Warethwa! (Cuidado!). Na verdade quando a xipalapala retumba, é preciso ter-se cuidado com o que vem das mãos e do corpo inteiro dos chopes. Da alma deles. Inabalável. Revolta. Insaciável. Quer dizer, Quissico - o vilarejo eleito - ressurge. Engrandece-se. Embevece. E é projectado para o mundo inteiro, de onde depois traz as pessoas do planeta para este lugar insignificante na sua geografia. Todos querem estar aqui para se embebedarem com a loucura da timbila. Delirarem com as diabruras esvoaçantes da mathchatchulani, que vai parecer uma gazela dançando livre nas savanas, nas manhãs, agradecendo à Deus pelo sol que raia com esplendor no crepúsculo..
Mas hoje em dia eu não sei se o M´saho ainda tem verve. Não sei se esta festa continua a resguardar o unguento dos tempos para amassajar as almas sedentas da secular música vertiginosa dos chopes. Não sei! Tenho as minhas dúvidas. Parece ser urgente e inadiável que se tenha em grande consideração o facto de estarmos perante um Património Cultural da Humanidade. Não que não haja esse respeito, mas a sensação que tenho é de que está-se a fazer pouco, começando pelo palco que acolhe as orquestras. Ou seja, para quem chega antes de começar o M´saho, e antes de chegarem as pessoas da assistência, regra geral o que se vê são pequenos sinais como dísticos apelativos com pouca chama em termos de imagem. E pior do que isso, olhando-se para o palco, a pergunta que vai surgir imediatamente será: é aqui onde vamos assistir às loucuras dos chopes? Na verdade o palco instalado não é de forma alguma digno de receber uma manifestação de tão elevado porte cultural.

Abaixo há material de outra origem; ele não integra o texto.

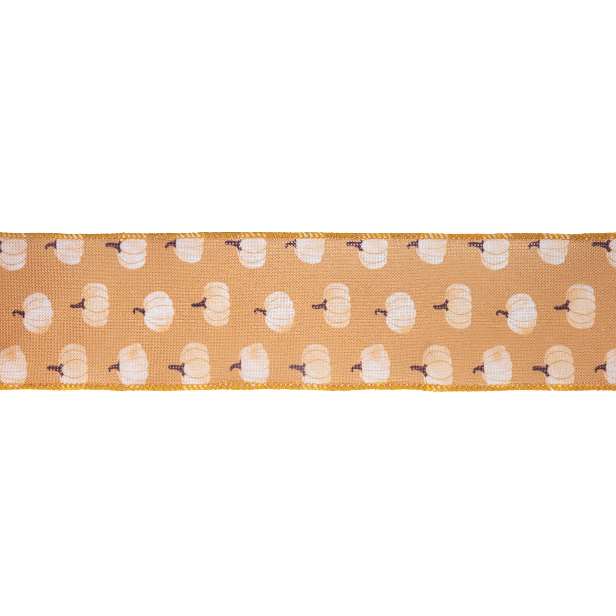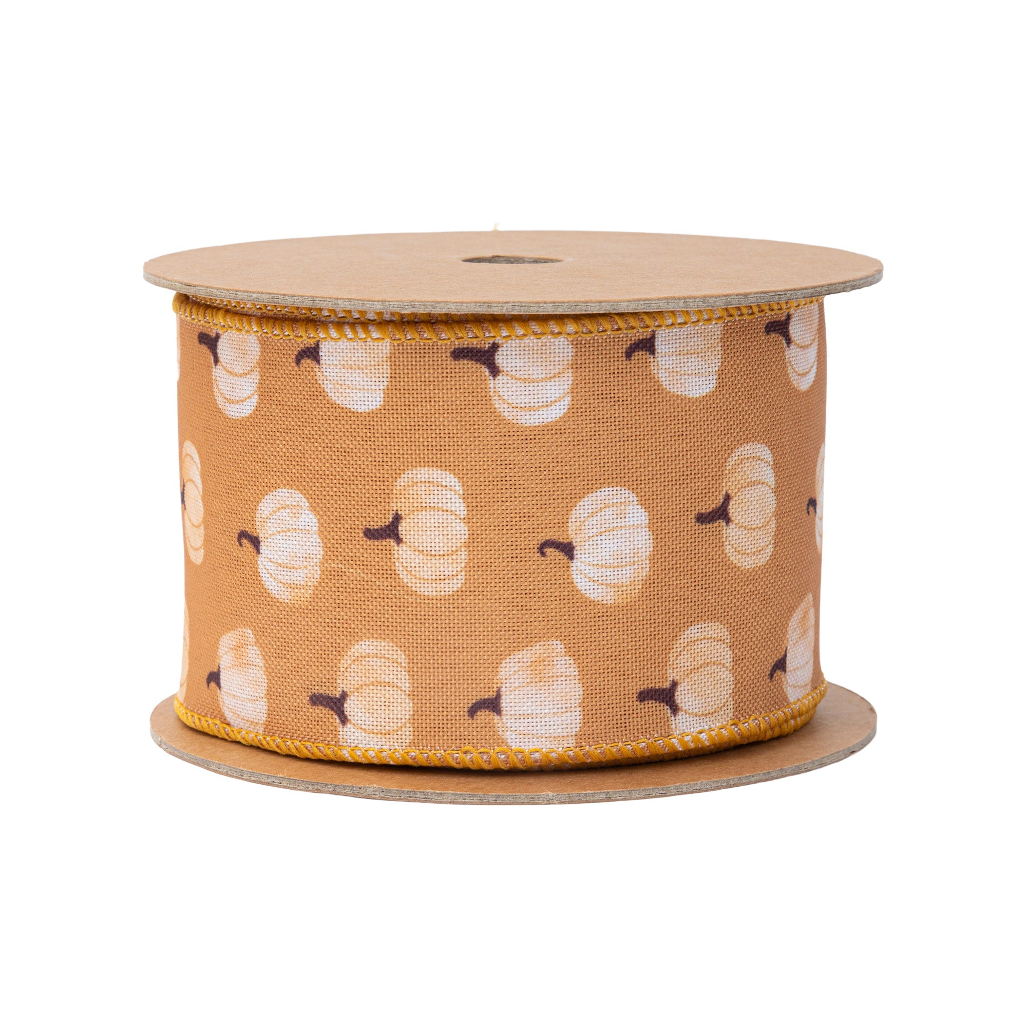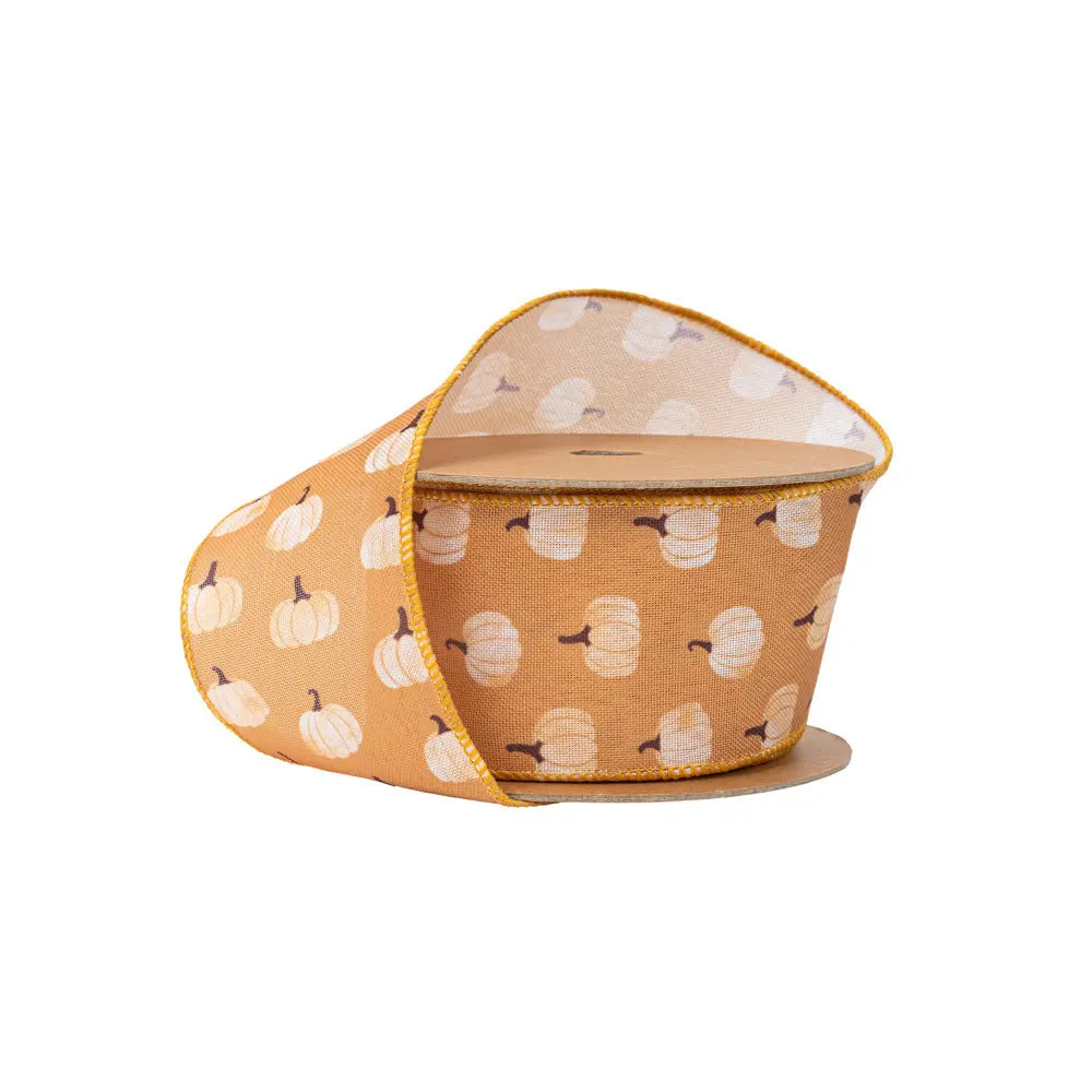 2 1/2" Wired Ribbon | Natural Pumpkins | 10 Yard Roll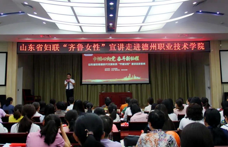 6月8日,由山东省妇联主办,德州市妇联和山东广播电视台承办的“巾帼心向党,奋斗新征程”山东省妇联新时代文明实践“齐鲁女性”宣讲走进suncitygroup太阳新城。我校党委委员、工会主席周爱红出席,180余位女教职工参加活动。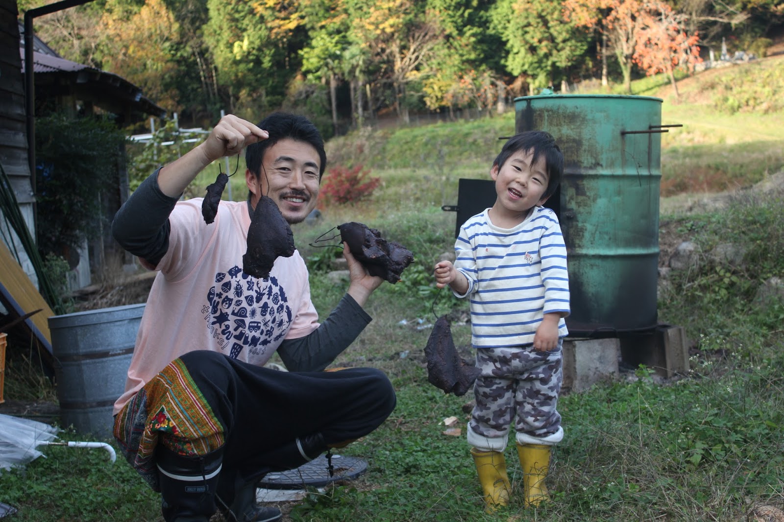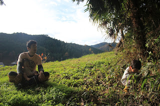 一生懸命摘む息子を見守る父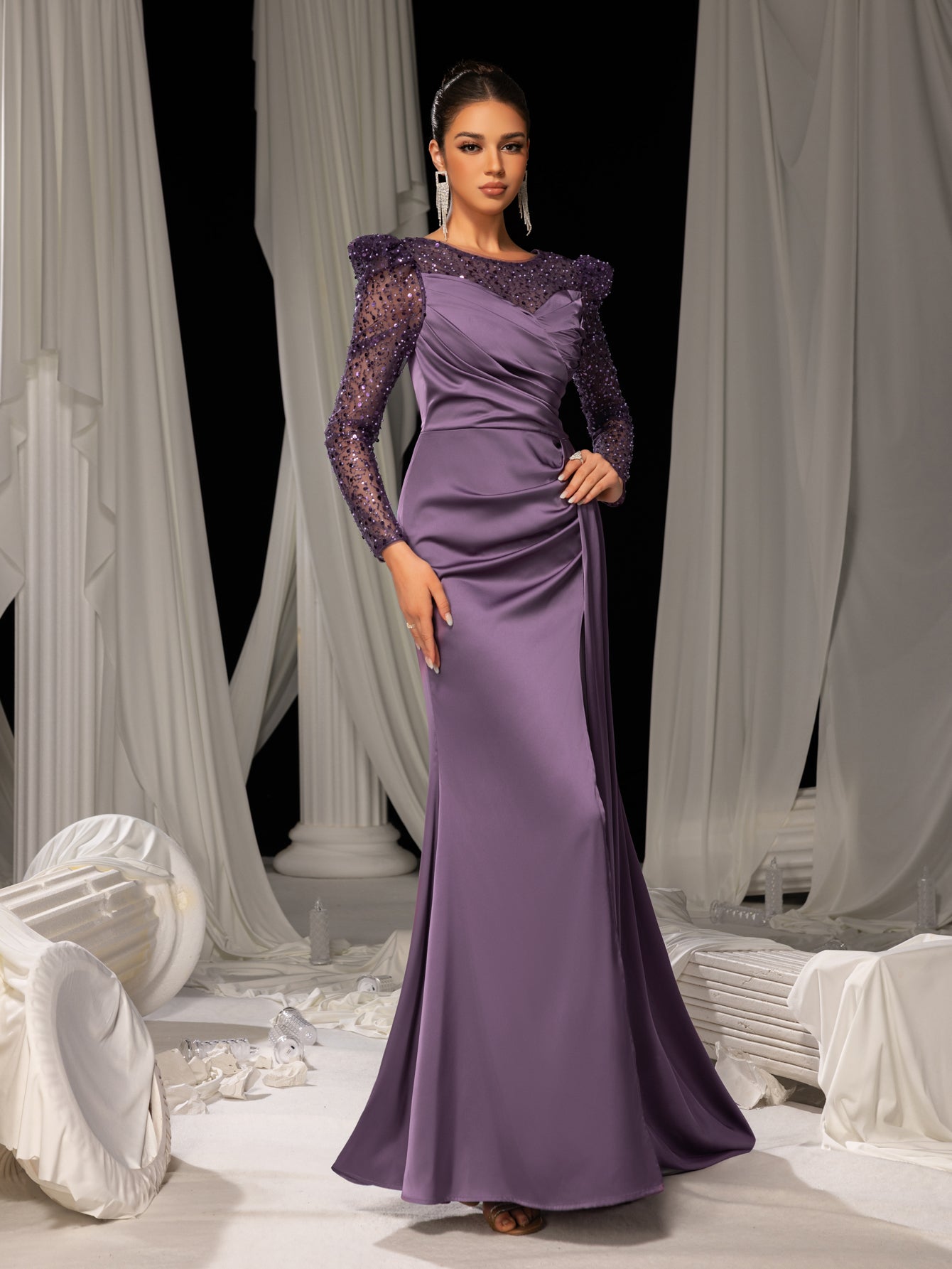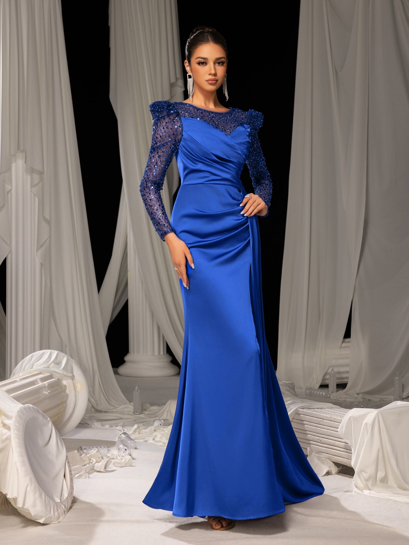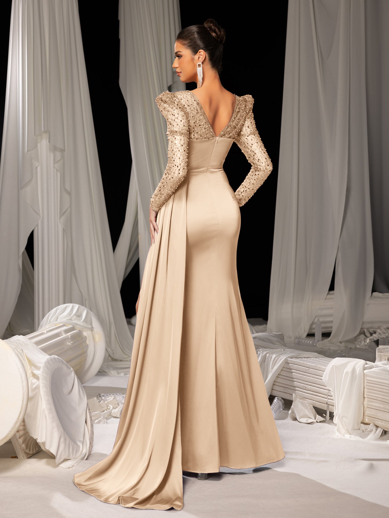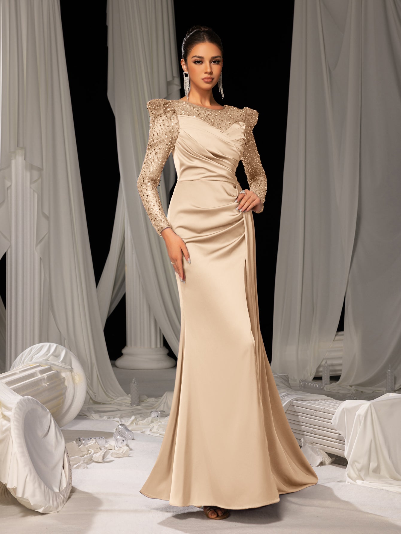 ✨ Sensual Sophistication: This evening gown combines a bold thigh-high slit with intricately sequined sleeves, blending daring allure with timeless elegance. The flowing mermaid silhouette skims the body, while the pristine white drapes in the background amplify its ethereal charm.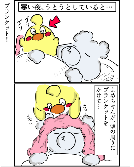 よめちゃんが、そっとブランケットを頭に巻いてくれました。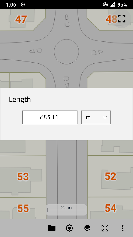 अपने QGIS प्रोजेक्ट्स को प्रदर्शित करने के लिए, ऐप की मदद पृष्ठ के अनुसार उन्हें अपने डिवाइस के स्टोरेज को Surveying_Calculator / प्रोजेक्ट फ़ोल्डर में स्थानांतरित करें। आप ज्यामितीय विशेषताओं से क्षेत्र, लंबाई और विशेषता जानकारी प्राप्त कर सकते हैं। आप पूर्ण स्क्रीन मोड में नक्शे देख सकते हैं। परतें चालू या बंद की जा सकती हैं।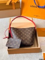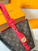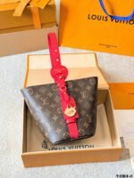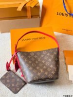 ✨ The iconic LV Monogram bucket bag features the signature Monogram canvas paired with contrasting leather trim, with a red striped interior lining for a vintage touch. It comes with a matching Monogram coin pouch, making the two-piece design both practical and elegant.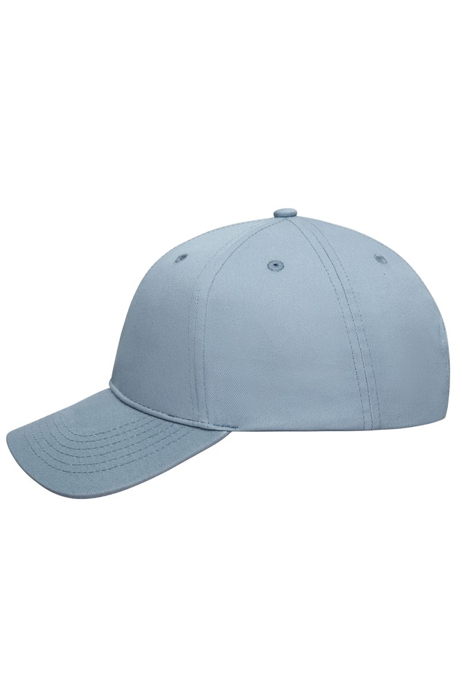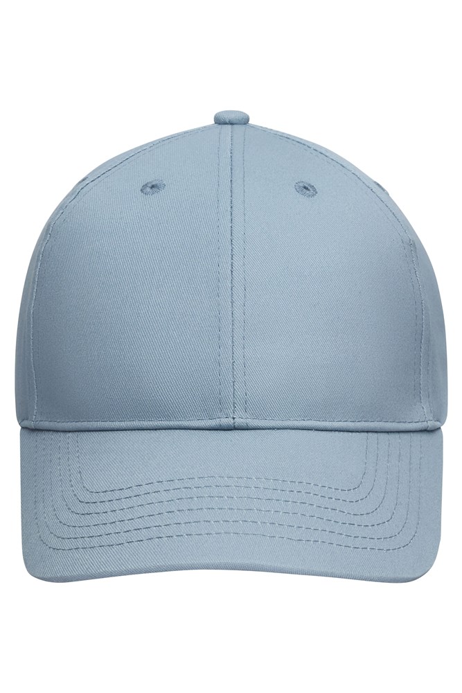 6 gestickte Luftlöcher 6 Ziernähte am Schild Laminierte Frontpanels Angenehmer Tragekomfort durch gefüttertes Schweißband Clipverschluss in mattsilber mit Metallöse Bio Baumwolle Caps zum Bedrucken Verschluss: Clip 6 Panel Cap Frontpannel: laminiert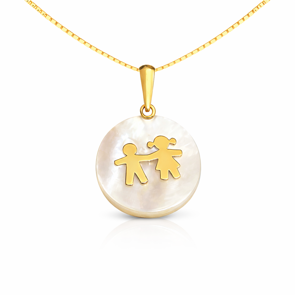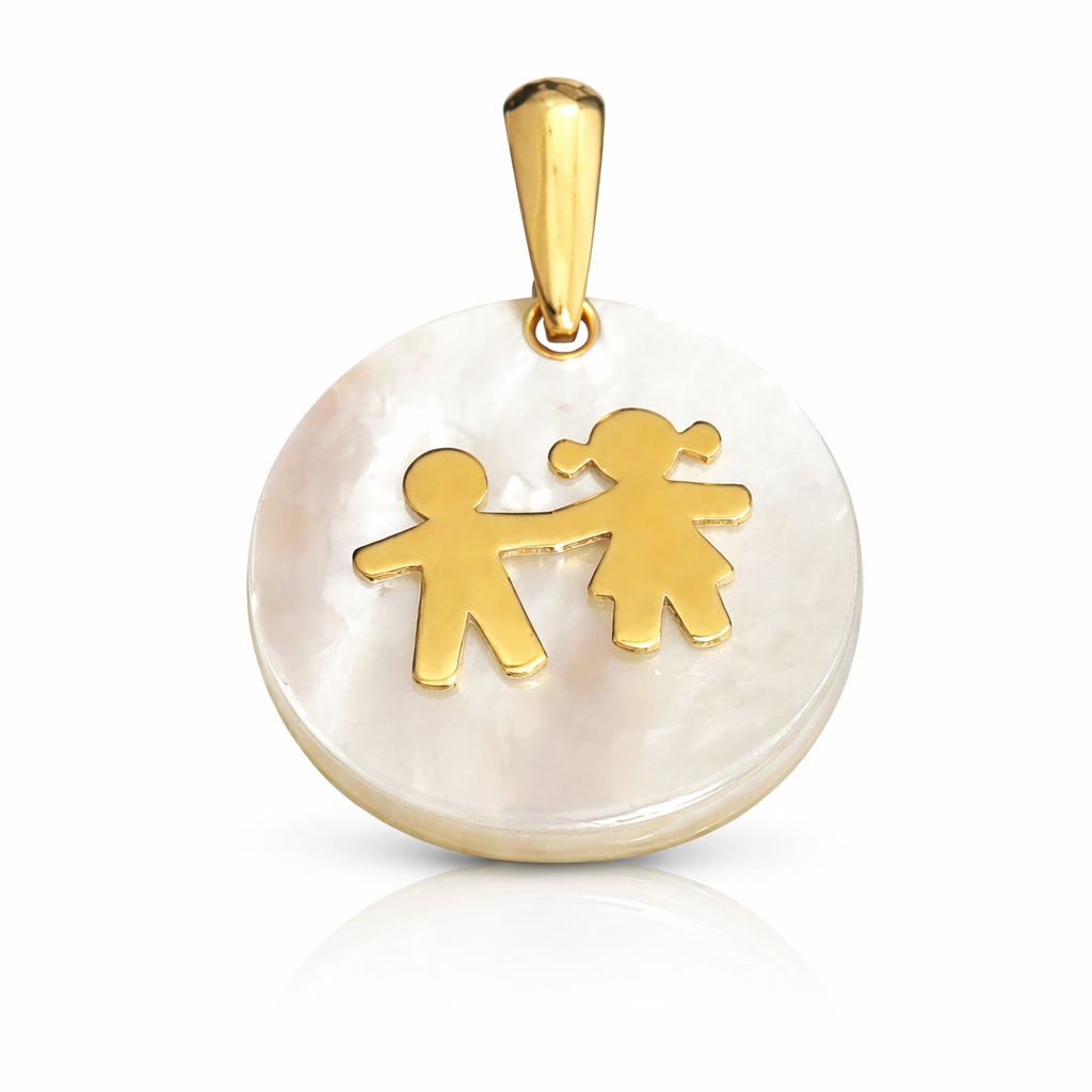 El colgante presenta una base de nácar natural, con sus característicos reflejos iridiscentes, sobre la que se alzan figuras de niños fundidas en oro italiano de 18 quilates. La combinación del nácar blanco y luminoso con el oro amarillo de las figuras crea un contraste visual de gran belleza y un simbolismo poderoso: el calor del oro que abraza la pureza del nácar, como el amor materno que abraza la inocencia de los hijos.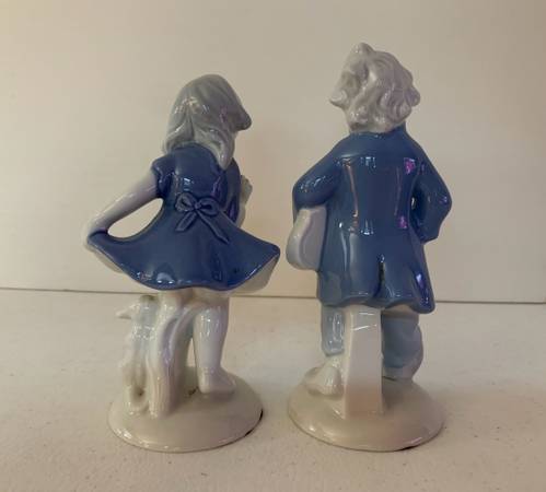 Vintage Gerold Porzellan “Boy with Violin” and “Girl with Puppy” porcelain figurines. Made in Germany. About 5.5 inches tall. $25 for the pair.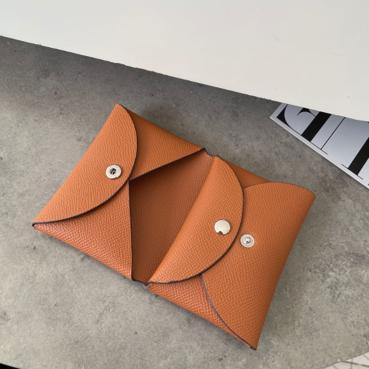 Hermès bi-fold card holder with palm print and snap closure-5777
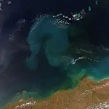 A large algal bloom off the coast of Pilbara in March following Cyclone Rusty. Sediment run-off from heavy rains can also be seen along the coast.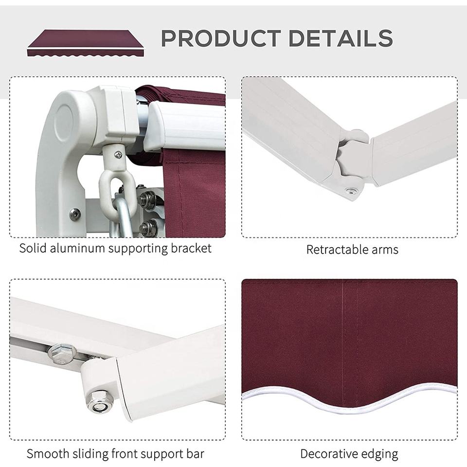 Main Product : Patio Awning,Outdoor Retractable Side Awning,Full Cassette Motorized Retractable Awning,Sun Shade Sail,Waterproof polyester sails,Shade Fabric Sails
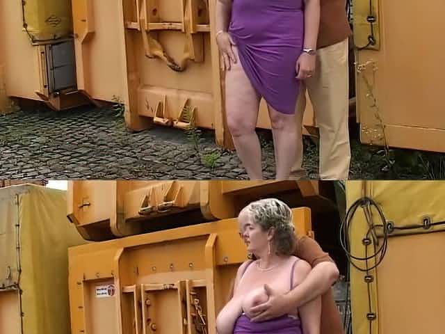 Corpulent blond woman with large milk jugs is having a lot of joy with a stranger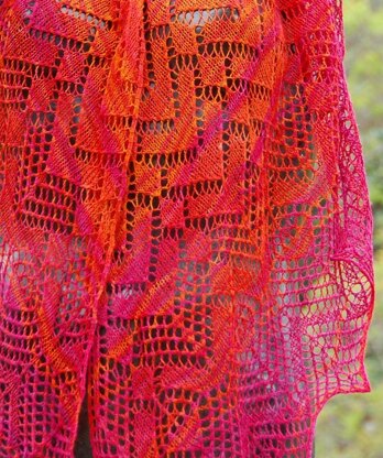 Be you ginger, brunette, or blonde this shawl will keep you covered! It is a large triangle shawl, knit top down, one side (no ptbl this time!), and beads (800) if you like, knit in lace or fingering weight.

É aqui provavelmente onde começa, ou se agudiza a contrariedade. Talvez a decepção. Os executantes são acolhidos naquilo que tende mais para um alpendre carrancudo, do que propriamente para um palco. Quem construiu aquilo provavelmente não tem sensibilidade sobre o que é um festival desta dimensão, sobre a grandeza da timbila no mundo. Não só temos na obra os irritantes pilares múltiplos, como também o tecto atarracado, sufocando os artistas e aqueles que estão sentados nas bancadas.
Em conversa oportuna com Filimone Meigos (director do ISARC) e Rufas Maculuve, músico e professor de música na mesma instituição, eles também indignaram-se com o palco que deve ser repensado urgentemente para os próximos festivais. O lugar tem um tesouro invejável que são as Lagoas de Quissico, esplendorosas, algo que não pode passar despercebido durante o evento. As Lagoas de Quissico devem fazer parte do Festival. E fazer com que aquela paisagem seja pertença do M´saho, passa necessariamente por repensar o palco.
É imperioso e urgente levar as coisas mais a sério, porque aqueles que vão à Quissico pelas alturas do M´saho, querem ver a beleza em si estampada em todo o lado. Os estrangeiros em particular, vão para ali porque já ouviram falar desta manifestação cultural e sabem que é Património Cultural da Humanidade. Sabem que a festa da timbila é elevada, então os organizadores precisam de corresponder à todas as expectativas, tornando o festival num importante eixo que deve passar também pela capacidade de fazer a comunicação e imagem. O Marketing. E espreitar aquilo que se faz noutros eventos pelo mundo fora, porque o M´saho tem dimesão mundial. E em tendo uma dimensão universal, é preciso fazer algo que justifique isso.